■ WHAT IS BEING ASKED
An exact transcription of each entry below is required, without any pictures.
··········
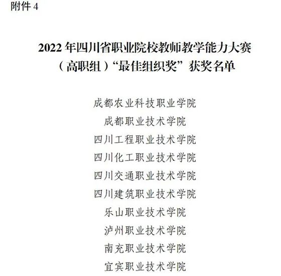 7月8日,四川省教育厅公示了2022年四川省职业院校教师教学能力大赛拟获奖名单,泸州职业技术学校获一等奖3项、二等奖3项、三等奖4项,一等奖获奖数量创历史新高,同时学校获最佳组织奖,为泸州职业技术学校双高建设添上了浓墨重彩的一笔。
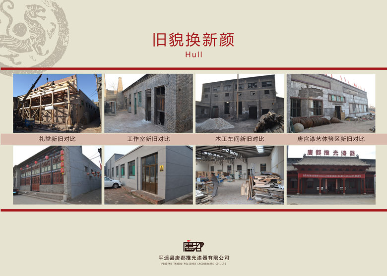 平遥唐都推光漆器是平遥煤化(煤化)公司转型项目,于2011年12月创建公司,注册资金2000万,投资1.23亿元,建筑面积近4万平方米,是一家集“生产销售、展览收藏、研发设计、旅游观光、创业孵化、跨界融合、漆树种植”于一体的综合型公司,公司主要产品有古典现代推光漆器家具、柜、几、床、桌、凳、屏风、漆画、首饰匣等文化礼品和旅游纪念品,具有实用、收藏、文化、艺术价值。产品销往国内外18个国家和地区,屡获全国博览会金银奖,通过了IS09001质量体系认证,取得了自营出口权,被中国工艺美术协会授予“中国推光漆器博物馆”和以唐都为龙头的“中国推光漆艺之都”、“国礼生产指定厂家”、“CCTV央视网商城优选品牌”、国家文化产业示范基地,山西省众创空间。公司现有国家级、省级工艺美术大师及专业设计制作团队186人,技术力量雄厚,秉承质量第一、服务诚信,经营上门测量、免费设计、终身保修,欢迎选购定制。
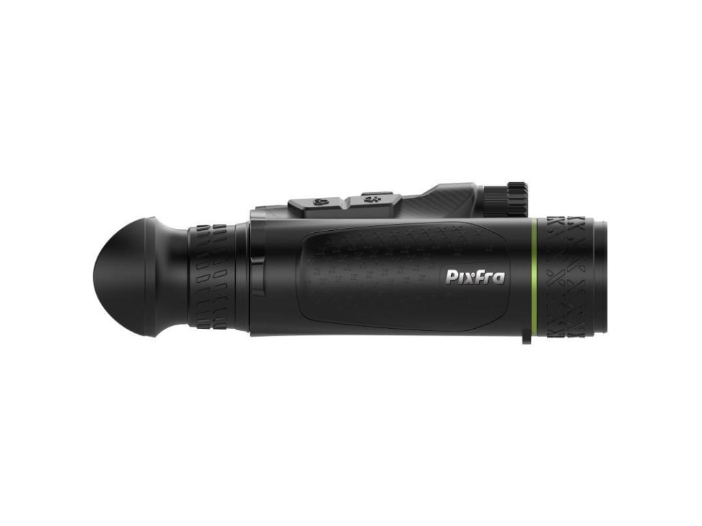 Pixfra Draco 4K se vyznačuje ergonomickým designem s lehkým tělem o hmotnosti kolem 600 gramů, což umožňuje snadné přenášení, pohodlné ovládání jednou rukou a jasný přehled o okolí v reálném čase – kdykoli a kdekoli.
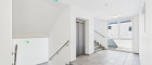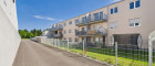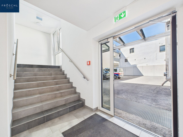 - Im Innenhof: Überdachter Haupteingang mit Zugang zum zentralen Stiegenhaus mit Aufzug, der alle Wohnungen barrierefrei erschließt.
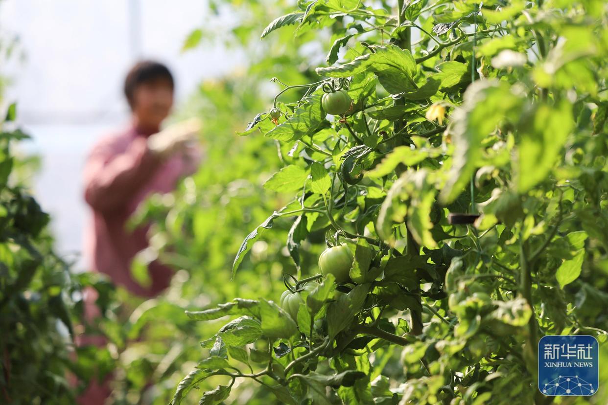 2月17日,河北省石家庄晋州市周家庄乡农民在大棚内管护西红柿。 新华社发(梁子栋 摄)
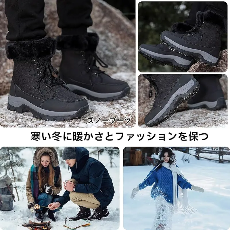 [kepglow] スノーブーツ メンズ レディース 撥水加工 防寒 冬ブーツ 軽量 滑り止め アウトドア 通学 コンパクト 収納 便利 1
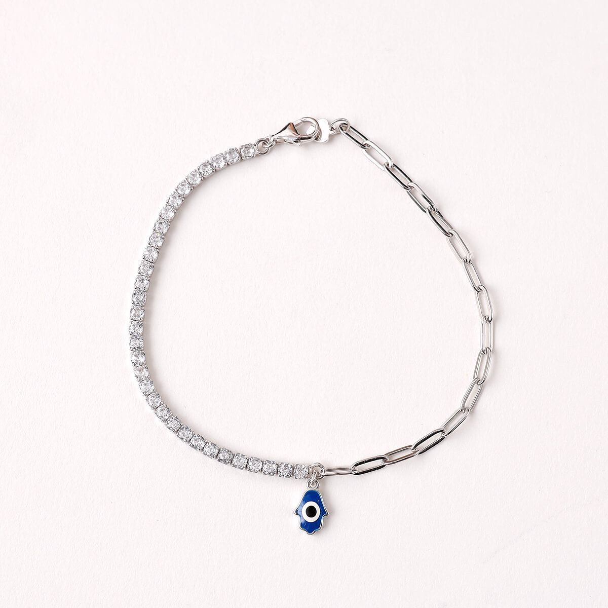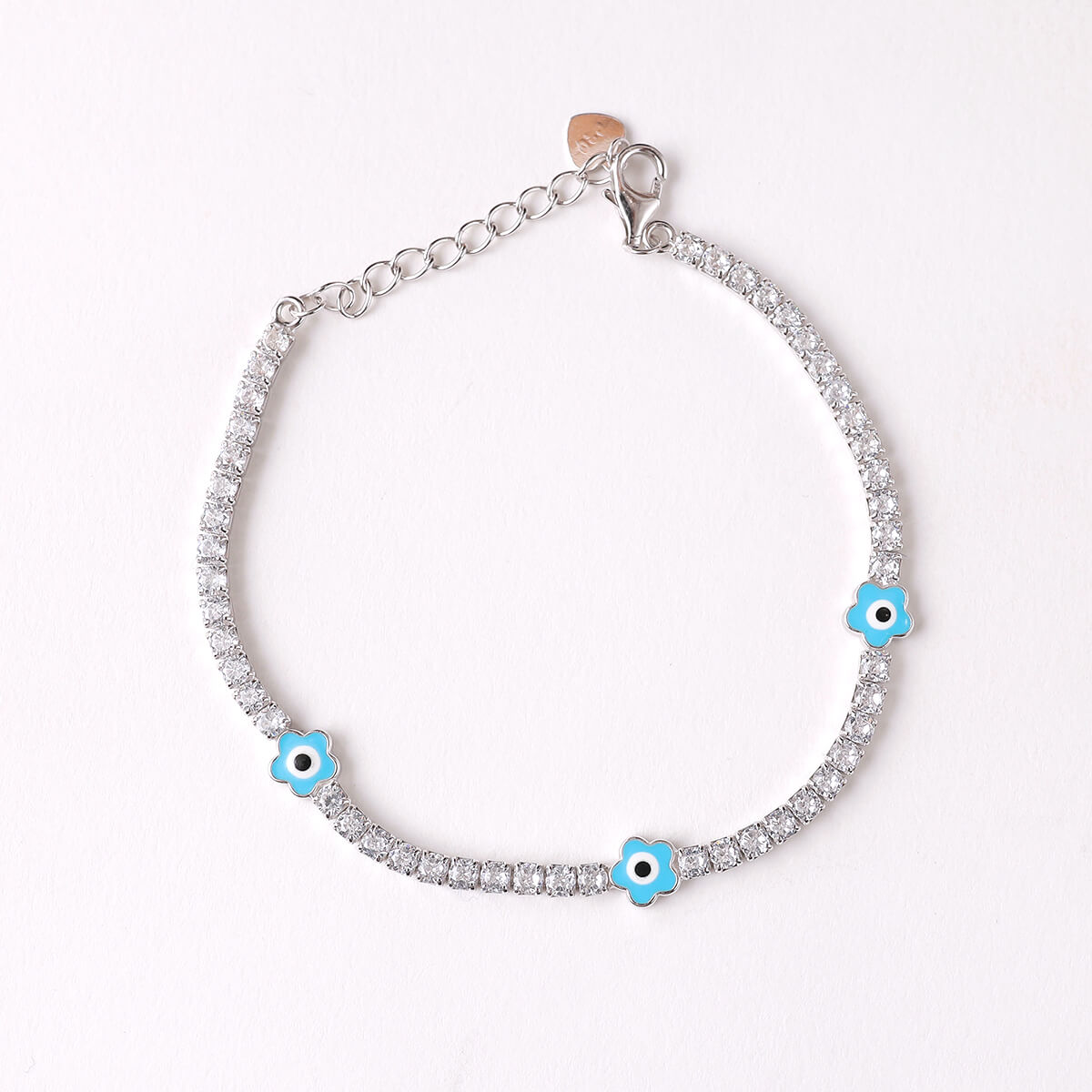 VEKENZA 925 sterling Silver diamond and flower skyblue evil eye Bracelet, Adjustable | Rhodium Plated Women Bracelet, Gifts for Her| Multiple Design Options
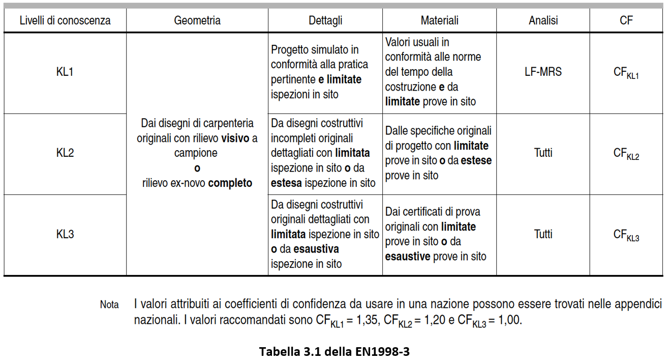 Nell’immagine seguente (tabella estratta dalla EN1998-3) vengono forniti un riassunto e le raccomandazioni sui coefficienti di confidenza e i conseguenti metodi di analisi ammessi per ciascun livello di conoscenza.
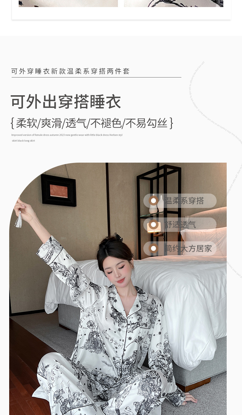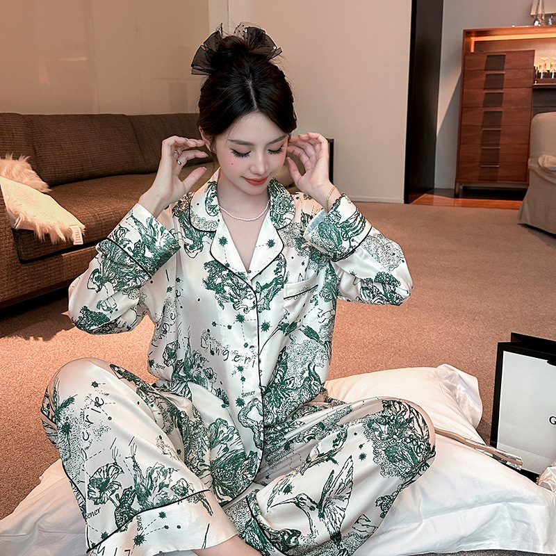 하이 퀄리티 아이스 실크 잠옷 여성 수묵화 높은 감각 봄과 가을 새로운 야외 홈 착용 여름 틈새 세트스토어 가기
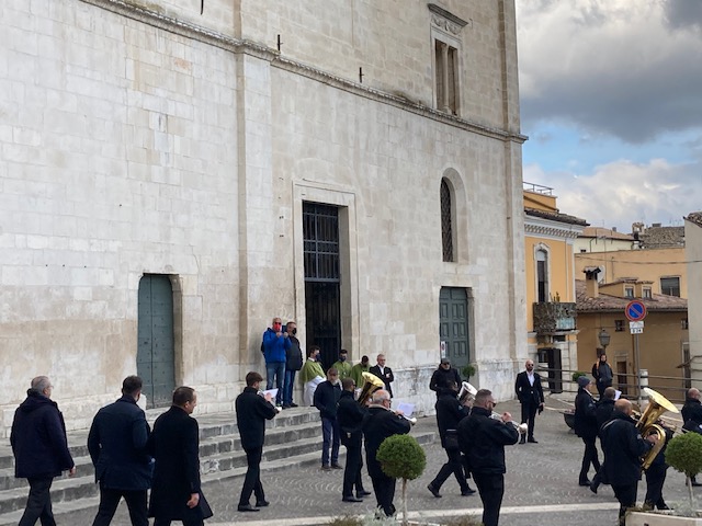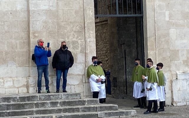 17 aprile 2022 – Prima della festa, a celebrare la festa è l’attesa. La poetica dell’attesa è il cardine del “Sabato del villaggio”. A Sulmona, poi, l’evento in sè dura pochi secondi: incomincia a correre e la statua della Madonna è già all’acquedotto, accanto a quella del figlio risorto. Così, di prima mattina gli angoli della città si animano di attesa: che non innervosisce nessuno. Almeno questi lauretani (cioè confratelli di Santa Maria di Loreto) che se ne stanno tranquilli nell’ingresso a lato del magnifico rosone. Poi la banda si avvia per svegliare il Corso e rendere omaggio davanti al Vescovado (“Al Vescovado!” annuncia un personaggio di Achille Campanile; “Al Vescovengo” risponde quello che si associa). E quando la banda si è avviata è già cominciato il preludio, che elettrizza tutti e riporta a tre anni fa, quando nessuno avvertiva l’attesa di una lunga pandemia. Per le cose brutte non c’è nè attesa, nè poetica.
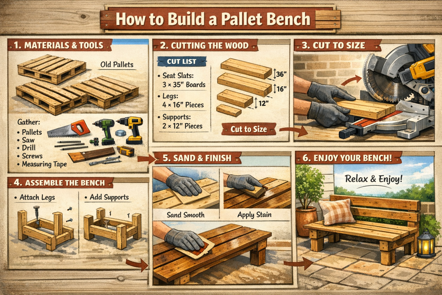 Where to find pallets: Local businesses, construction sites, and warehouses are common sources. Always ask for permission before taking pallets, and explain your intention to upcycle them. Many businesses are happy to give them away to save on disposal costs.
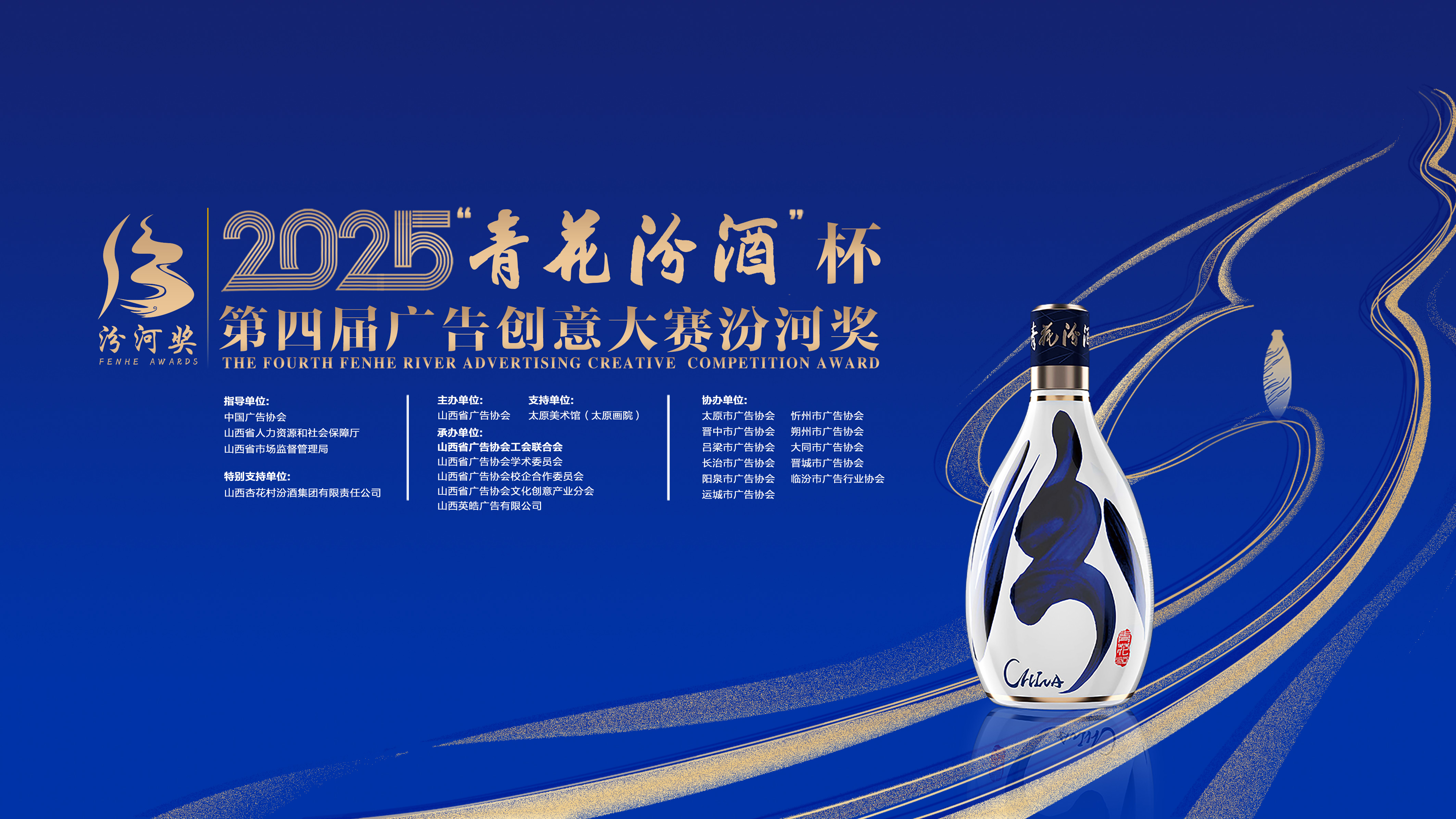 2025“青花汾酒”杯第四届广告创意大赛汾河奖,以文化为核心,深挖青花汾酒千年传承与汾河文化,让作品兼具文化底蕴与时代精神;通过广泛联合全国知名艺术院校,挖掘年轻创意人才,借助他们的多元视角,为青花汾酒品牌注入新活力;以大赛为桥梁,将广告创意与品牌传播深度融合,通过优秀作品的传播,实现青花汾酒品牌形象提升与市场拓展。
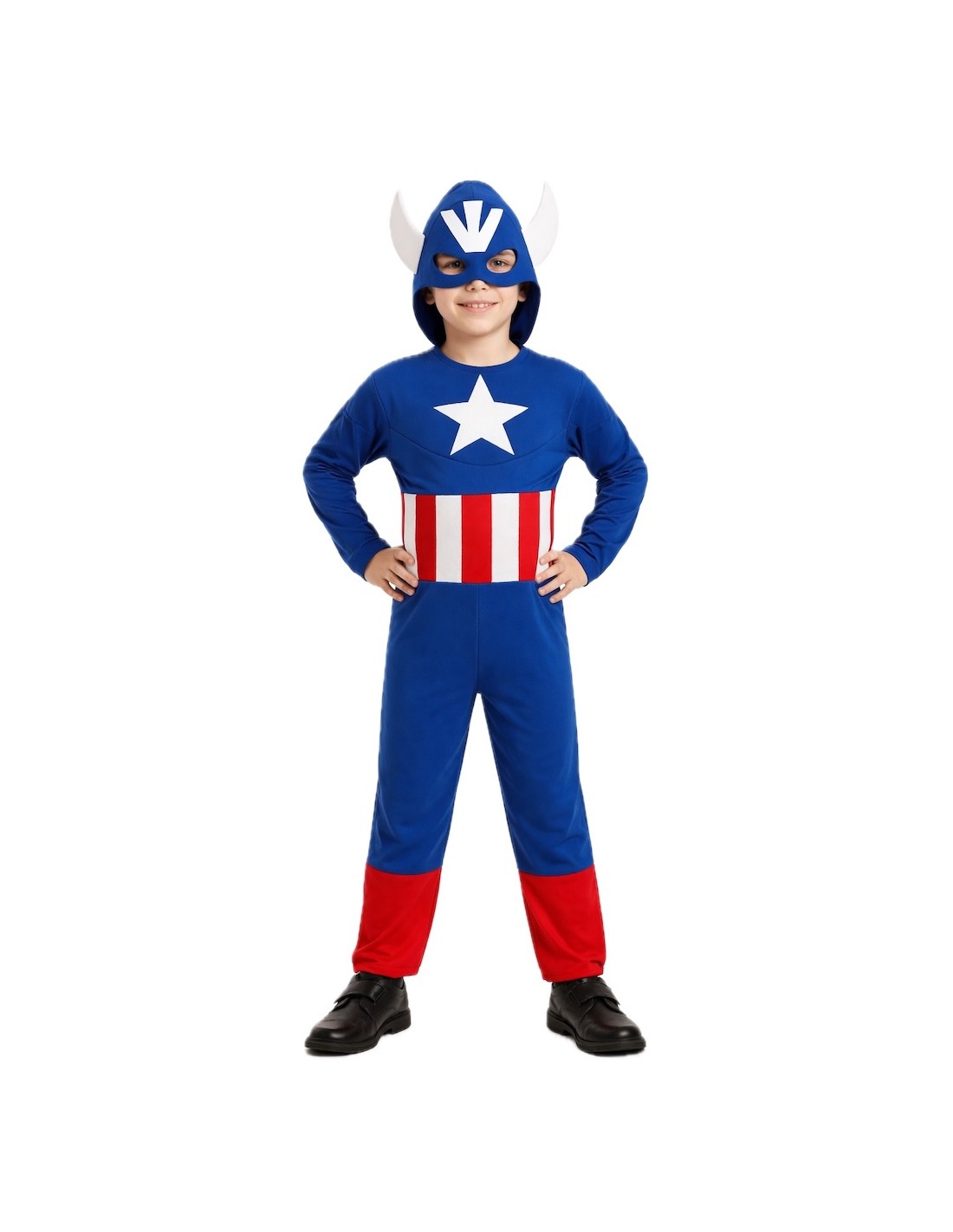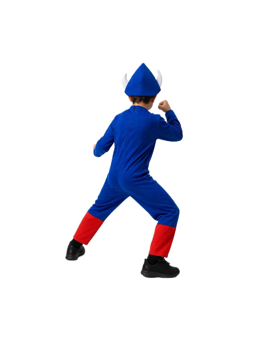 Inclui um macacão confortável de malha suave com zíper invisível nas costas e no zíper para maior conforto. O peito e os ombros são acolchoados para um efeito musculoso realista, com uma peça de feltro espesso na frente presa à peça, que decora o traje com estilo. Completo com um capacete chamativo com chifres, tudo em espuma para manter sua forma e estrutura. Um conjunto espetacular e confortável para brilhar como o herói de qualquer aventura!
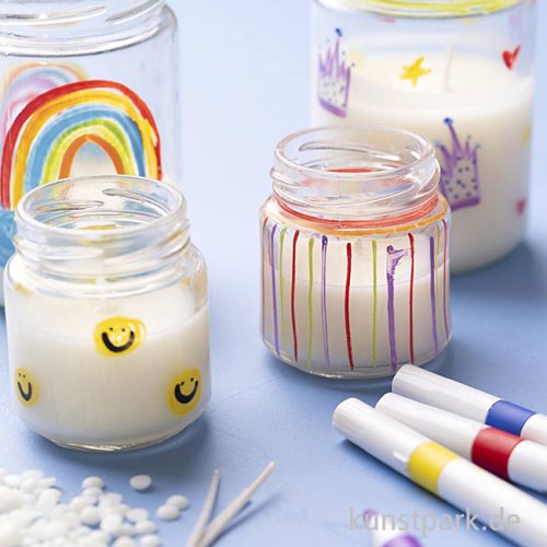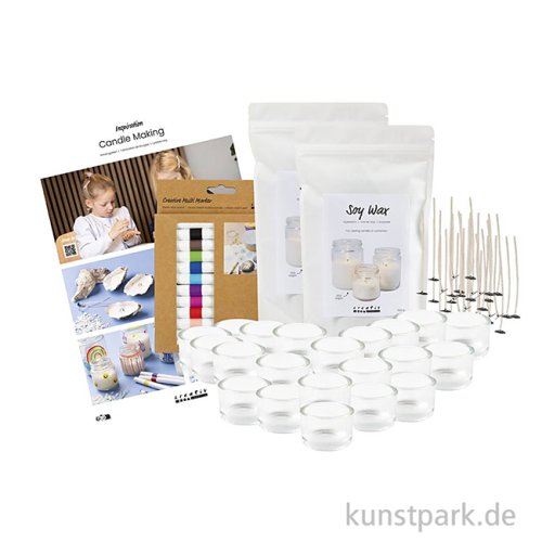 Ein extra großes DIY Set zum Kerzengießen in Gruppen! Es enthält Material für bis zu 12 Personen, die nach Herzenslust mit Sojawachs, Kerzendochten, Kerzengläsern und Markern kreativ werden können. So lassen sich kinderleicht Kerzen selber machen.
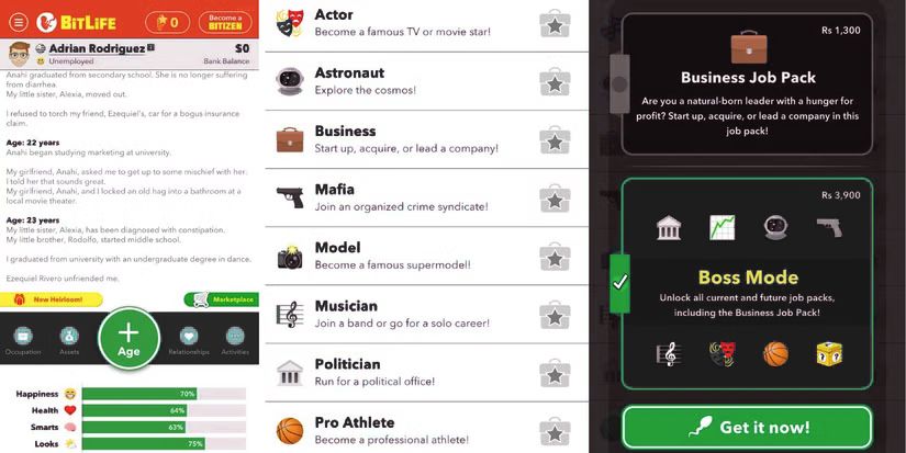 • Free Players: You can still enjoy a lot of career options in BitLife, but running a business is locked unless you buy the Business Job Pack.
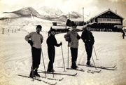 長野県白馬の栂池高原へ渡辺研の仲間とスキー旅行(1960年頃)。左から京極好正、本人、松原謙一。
··········
■ PROBLEM SOLUTION
 7月8日,四川省教育厅公示了2022年四川省职业院校教师教学能力大赛拟获奖名单,泸州职业技术学校获一等奖3项、二等奖3项、三等奖4项,一等奖获奖数量创历史新高,同时学校获最佳组织奖,为泸州职业技术学校双高建设添上了浓墨重彩的一笔。
 平遥唐都推光漆器是平遥煤化(煤化)公司转型项目,于2011年12月创建公司,注册资金2000万,投资1.23亿元,建筑面积近4万平方米,是一家集“生产销售、展览收藏、研发设计、旅游观光、创业孵化、跨界融合、漆树种植”于一体的综合型公司,公司主要产品有古典现代推光漆器家具、柜、几、床、桌、凳、屏风、漆画、首饰匣等文化礼品和旅游纪念品,具有实用、收藏、文化、艺术价值。产品销往国内外18个国家和地区,屡获全国博览会金银奖,通过了IS09001质量体系认证,取得了自营出口权,被中国工艺美术协会授予“中国推光漆器博物馆”和以唐都为龙头的“中国推光漆艺之都”、“国礼生产指定厂家”、“CCTV央视网商城优选品牌”、国家文化产业示范基地,山西省众创空间。公司现有国家级、省级工艺美术大师及专业设计制作团队186人,技术力量雄厚,秉承质量第一、服务诚信,经营上门测量、免费设计、终身保修,欢迎选购定制。
 Pixfra Draco 4K se vyznačuje ergonomickým designem s lehkým tělem o hmotnosti kolem 600 gramů, což umožňuje snadné přenášení, pohodlné ovládání jednou rukou a jasný přehled o okolí v reálném čase – kdykoli a kdekoli.
 - Im Innenhof: Überdachter Haupteingang mit Zugang zum zentralen Stiegenhaus mit Aufzug, der alle Wohnungen barrierefrei erschließt.
 2月17日,河北省石家庄晋州市周家庄乡农民在大棚内管护西红柿。 新华社发(梁子栋 摄)
 [kepglow] スノーブーツ メンズ レディース 撥水加工 防寒 冬ブーツ 軽量 滑り止め アウトドア 通学 コンパクト 収納 便利 1
 VEKENZA 925 sterling Silver diamond and flower skyblue evil eye Bracelet, Adjustable | Rhodium Plated Women Bracelet, Gifts for Her| Multiple Design Options
 Nell’immagine seguente (tabella estratta dalla EN1998-3) vengono forniti un riassunto e le raccomandazioni sui coefficienti di confidenza e i conseguenti metodi di analisi ammessi per ciascun livello di conoscenza.
 하이 퀄리티 아이스 실크 잠옷 여성 수묵화 높은 감각 봄과 가을 새로운 야외 홈 착용 여름 틈새 세트스토어 가기
 17 aprile 2022 – Prima della festa, a celebrare la festa è l’attesa. La poetica dell’attesa è il cardine del “Sabato del villaggio”. A Sulmona, poi, l’evento in sè dura pochi secondi: incomincia a correre e la statua della Madonna è già all’acquedotto, accanto a quella del figlio risorto. Così, di prima mattina gli angoli della città si animano di attesa: che non innervosisce nessuno. Almeno questi lauretani (cioè confratelli di Santa Maria di Loreto) che se ne stanno tranquilli nell’ingresso a lato del magnifico rosone. Poi la banda si avvia per svegliare il Corso e rendere omaggio davanti al Vescovado (“Al Vescovado!” annuncia un personaggio di Achille Campanile; “Al Vescovengo” risponde quello che si associa). E quando la banda si è avviata è già cominciato il preludio, che elettrizza tutti e riporta a tre anni fa, quando nessuno avvertiva l’attesa di una lunga pandemia. Per le cose brutte non c’è nè attesa, nè poetica.
 Where to find pallets: Local businesses, construction sites, and warehouses are common sources. Always ask for permission before taking pallets, and explain your intention to upcycle them. Many businesses are happy to give them away to save on disposal costs.
 2025“青花汾酒”杯第四届广告创意大赛汾河奖,以文化为核心,深挖青花汾酒千年传承与汾河文化,让作品兼具文化底蕴与时代精神;通过广泛联合全国知名艺术院校,挖掘年轻创意人才,借助他们的多元视角,为青花汾酒品牌注入新活力;以大赛为桥梁,将广告创意与品牌传播深度融合,通过优秀作品的传播,实现青花汾酒品牌形象提升与市场拓展。
 Inclui um macacão confortável de malha suave com zíper invisível nas costas e no zíper para maior conforto. O peito e os ombros são acolchoados para um efeito musculoso realista, com uma peça de feltro espesso na frente presa à peça, que decora o traje com estilo. Completo com um capacete chamativo com chifres, tudo em espuma para manter sua forma e estrutura. Um conjunto espetacular e confortável para brilhar como o herói de qualquer aventura!
 Ein extra großes DIY Set zum Kerzengießen in Gruppen! Es enthält Material für bis zu 12 Personen, die nach Herzenslust mit Sojawachs, Kerzendochten, Kerzengläsern und Markern kreativ werden können. So lassen sich kinderleicht Kerzen selber machen.
 • Free Players: You can still enjoy a lot of career options in BitLife, but running a business is locked unless you buy the Business Job Pack.
 長野県白馬の栂池高原へ渡辺研の仲間とスキー旅行(1960年頃)。左から京極好正、本人、松原謙一。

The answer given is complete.